Monday, March 28, 2011

Project Update...

On 11 April 2011, Africa Windmill Project will install 30 water pumps. Well, if we can’t manage to do it all in one day it may take us the whole week. But by the end of that week, Mwakhundi and the Mziza Farming Club will have the means to irrigate 15 acres.

The rains may persist well past mid-April. Also, some farmers have used their dimba gardens (wetland gardens) to plant maize, sweet potato, or rice. In any case, whenever the farmer is ready to plant a winter crop, his irrigation system will be in place.


Shortly after the installation of 30 water pumps, butternut squash will be ready for sale. The market for this is sweetening as time goes by. One grocery store is importing this crop and paying MK150/kg ($1/kg or $0.45/lb). We think we will profit quite nicely at MK50/kg, so we’ve got MK100/kg to bargain with. Consumers pay between MK200/kg and MK320/kg. We would also like to see consumer prices down to under MK200/kg to reach a wider base and maybe push up demand and open new markets (such as those in poorer townships and outskirts of town).

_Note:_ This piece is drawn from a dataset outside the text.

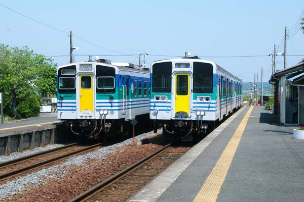 国鉄の懐具合の影響で製造僅か5両で終わったキハ37、キハ35を更新したキハ38が 仲良く並んだ横田駅。

Aside from the work we are doing within the community, we’ve discovered a substantial demand within the NGO sector for agriculture training. Many NGOs are discovering that credibility within a community means meeting people on their own terms. And that means NGOs can’t sweep in with projects about health or education, and expect results, without at least addressing the critical issues of agriculture: water management, soil management, and crop management. This just confirms what the data shows: Malawians live on $1 a day, while farming income is under-reported. So if an NGO wants to train a group of tailors or brick layers, that NGO has to account for the fact that such professions will not usually earn enough income to forgo farming. Instead, the tailor earns money to pay for household goods, school fees, and luxuries, while he and his family till the land for food.


What does this mean for AWP? About every two weeks, I get a call from someone who wants to know if we can help them with irrigation projects or dryland agriculture. It’s not their specialty, but it’s vital to their work. So far we have tentative plans to bring training to three other NGOs: one in each Lilongwe, Dedza, and Dowa districts. It seems most of these groups are in the home-based care category of NGOs. These organizations assist people, usually widows, orphans, disabled, or sick, in their own homes within the traditional safety nets of the culture, usually extended family and church.

Friday, March 11, 2011

Watering Dryland part II

We have had a busy week. (Check out some of the pictures on facebook.) Our dryland pump has been an important project as we build up to the dry season, which begins in April or May or whenever the clouds decide. Water is essential to life, and some people live far from wetlands or don't own a plot suitable for the 'old way' of gardening. If we can expand the horizon of our pump, we will be able to teach such people how to grow food close to their homes.

This well is 6m deep. In the above picture you can see us installing the pipe. Pipe sections are sold in 6m lengths, so we had an easy job of fitting this pipe together.


After getting the pipe into the well, we must line up the inlet and outlet with the wheel. The kids enjoyed watching us, but probably thought we were crazy.
Emanuel, in the foreground below, will be using this pump to grow vegetable right outside his home. He was very excited to have the pump. His comment: "It's okay, it's easy, it's simple."


Wednesday, March 9, 2011

Mwakhundi

Mwakhundi is a small village in Lilongwe District, Malawi. The village has 45 households, and is the site AWP's largest project yet. The village formed a farming club of 30 households, 2/3 of the community. The village is in the area of Chief Mziza and takes that name for its club.

The farming club at Mziza is developing rapidly. People are excited to see changes in their village, and the formation of a club is just one such change. Since the club has formed, club members and a few nearby friends have planted butternut squash together. Perhaps never before has the community been so intentional about coordinating farming efforts.

Club members have also completed their compost training. Each farmer must now gather material for his or her own compost heap. Most farmers were eager to give the new method a try; from an anthill vantage point, we could see compost heaps banded along the marsh's edge.


The club members motivate us with each pull of the hoe and swing of the scythe. They drive us along and outrun even our ideas. The sooner they realize this, the better; for that realization is the change that we cannot force upon the village. The understanding that they have the means to improve their lives; that loving one another means working together; that God has not abandoned them; this understanding cannot be doled out like food to the hungry or pills to the sick. However, such an understanding, as it implies a God given human dignity, can begin to satisfy the soul and heal a wounded spirit.
And where does an understanding of one's own dignity come from? I can only imagine a loving community is a good place to start. That is a place where charity (I mean, charity within the community) overshadows greed and jealousy and allows people to work together.